Another recent Breyer dissent does an excellent job laying out the pure bad faith of the Republican justices when dealing with the death penalty:

At approximately 3:00 a.m. Friday morning, the US Supreme Court issued a ruling that allows the execution of an Alabama death row inmate to move forward, after a lower court had issued a stay of execution. The order itself was only a paragraph, but Justice Stephen Breyer responded with a six-page dissent that provided a glimpse into just how divided the nation’s highest court has become. “Should anyone doubt that death sentences in the United States can be carried out in an arbitrary way,” Justice Breyer wrote, “let that person review the following circumstances as they have been presented to our Court this evening.”

He then went on to describe the flurry of activity that took place on Thursday afternoon. Christopher Price was set to die on April 11 for the 1991 murder of a pastor in Bazemore, Alabama. Price had claimed that Alabama’s lethal injection protocol would cause him pain and suffering, a constitutional violation. The inmate argued that he should instead be executed by nitrogen hypoxia. Hours before his scheduled execution on Thursday, a federal judge in Mobile, Alabama, issued a stay over those claims, giving the state until May 10 to provide evidence against Price’s claim that nitrogen hypoxia would reduce the risk of severe pain.

Alabama immediately appealed the lower court’s decision, but the 11th Circuit Court of Appeals affirmed it.

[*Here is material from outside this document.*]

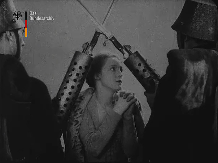 “Stand up!” the officer (Victor Janson) roars. It’s all stillness now. We can take in the strangeness of the infantry: their metallic helmets (half jäger’s shako, half “coal scuttle” Stahlhelm), the odd cages around their rifles that makes them half resemble automatic weapons. The officer has his rank on his chest, an oversized treble chevron. Touches of expressionism that creep into this half-real world. The mill is commandeered for supplies. The younger men react violently. Brigitte is restrained. Her young brother is taken outside. Brigitte’s glowing face makes the officer halt is roughness a moment. The man is clearly smitten. (It’s like the moment when the villain in Die Liebe der Jeanne Ney is overcome by the extreme close-up of Brigitte’s face.)

Alabama then appealed to the US Supreme Court, saying that Price failed to sign up for the new method of execution in a timely fashion. But when Price’s death warrant expired at midnight, the high court still hadn’t made a decision. The final decision was issued at around 3:00 a.m. The majority ruled in a short unsigned paragraph that because Price had not brought his claims sooner, they would allow the execution to move forward.

The dissent is worth reading in full; Breyer lays out the Catch-22s created by the Republicans very clearly. There are many tragic missed opportunities in the consolidation of neoconfederate control of the Court, and capital punishment is definitely one of them.